A bidding profile 1118 may be generated by partitioning the time period mapped to the electricity price forecast data 1116 (e.g., a forecasted LMP time series) into charging windows and discharging windows. Extrema (minima and maxima) may be identified in the electricity price forecast data 1116, and the time period mapped may be partitioned into the charging windows corresponding to the minima and the discharging windows corresponding to the maxima, although the present disclosure is not limited thereto, and the electricity price forecast data 1116 may be partitioned in other ways. The bidding profile 1118 may be generated by identifying combinations of charging windows and discharging windows that maximize a revenue value over the pre-defined time period. The revenue value may be a discharge revenue minus a charge cost, where the discharge revenue accumulates over the discharging windows and the charge cost accumulates over the charging windows. It is noted herein that the bidding profile 1118 may be generated in other ways, and the present disclosure is not limited to partitioning a time period associated with electricity price forecast data.

As shown in the graph 1200 of FIG. 5, the electricity price forecast data 1116 may be partitioned into charging windows 1118a and 1118c and discharging windows 1118b and 1118d. When identifying the combinations that maximize the revenue value, a charging window may be followed by a discharging window. For example, the discharging windows 1118b and 1118d are not a valid combination. The revenue may be calculated by multiplying the hourly LMP by the hourly power applied, i.e., Σ_t=1^kLMP_t*Power_t. For the four-hour windows shown in the graph 1200, if the BESS power is 175 MW, the estimated revenue of the following combinations may be calculated:

Combination #1: 1118a+1118b+1118c+1118d results in $91,300.

Combination #2: 1118a+1118dresults in $67,700.

Combination #3: 1118b+1118c+1118d results in $82,400.

Combination #1 is the combination that maximizes the revenue value, and may therefore be identified (i.e., selected) for the bidding profile 1118.

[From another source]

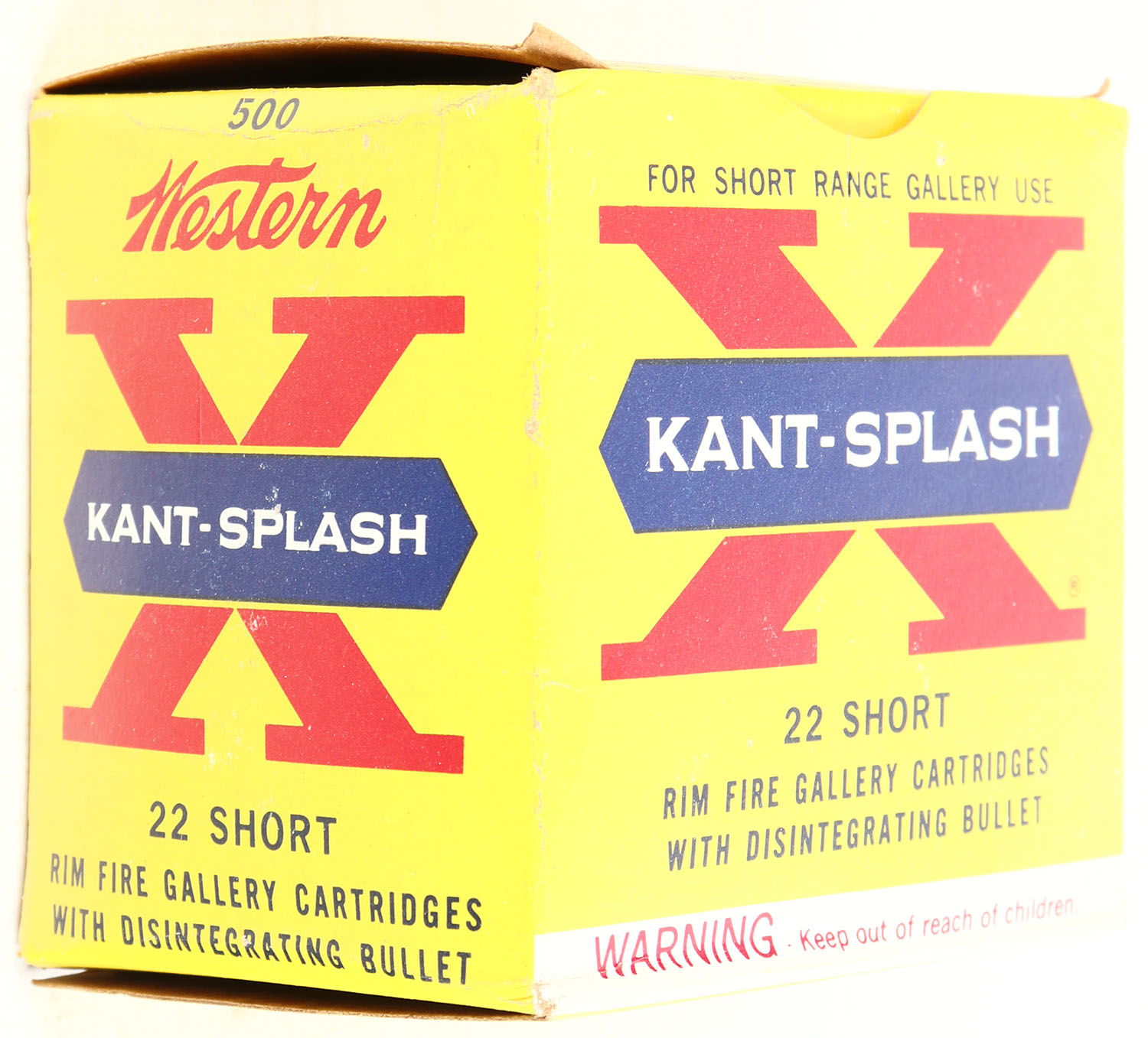 Western, Kant-Splash, .22 Short, Gallery Cartridges, Full, 500rds. 1pc. Yellow red & blue bulk box, box is solid with minty color, minor corner wear, edges are crisp, box appears to have had some weight set on it as it is bulging slightly on ends, top flap is solid, ammo is excellent. Grade: Excellent - Value: 50 to 200

Referring again to FIGS. 4A-4B, a power profile 1120 derived from the bidding profile 1118 may be generated by translating the combinations of charging windows and discharging windows identified in the bidding profile 1118 into actual charging and discharging actions, e.g., as instructions for the EMS 1109 and/or the PB controller 1108. The power profile 1120 may delineate the timing, duration, and magnitude of energy flow to and from the BESS in accordance with the charging windows and discharging windows identified in the bidding profile 1118. The power profile 1120 may account for the BESS's physical constraints, such as maximum charging/discharging rates, state of charge (SOC), and efficiency losses. In some cases, as market conditions change (e.g., clearing prices), the power profile 1120 may be adjusted dynamically to match the combinations that maximize revenue identified in the bidding profile 1118. As shown in the graph 1300 of FIG. 6, in some cases, the power profile 1120 may not track the bidding profile 1118 and electricity price forecast data 1116 exactly or closely, but rather may be generated to ensure that the BESS operates within the capabilities of the BESS.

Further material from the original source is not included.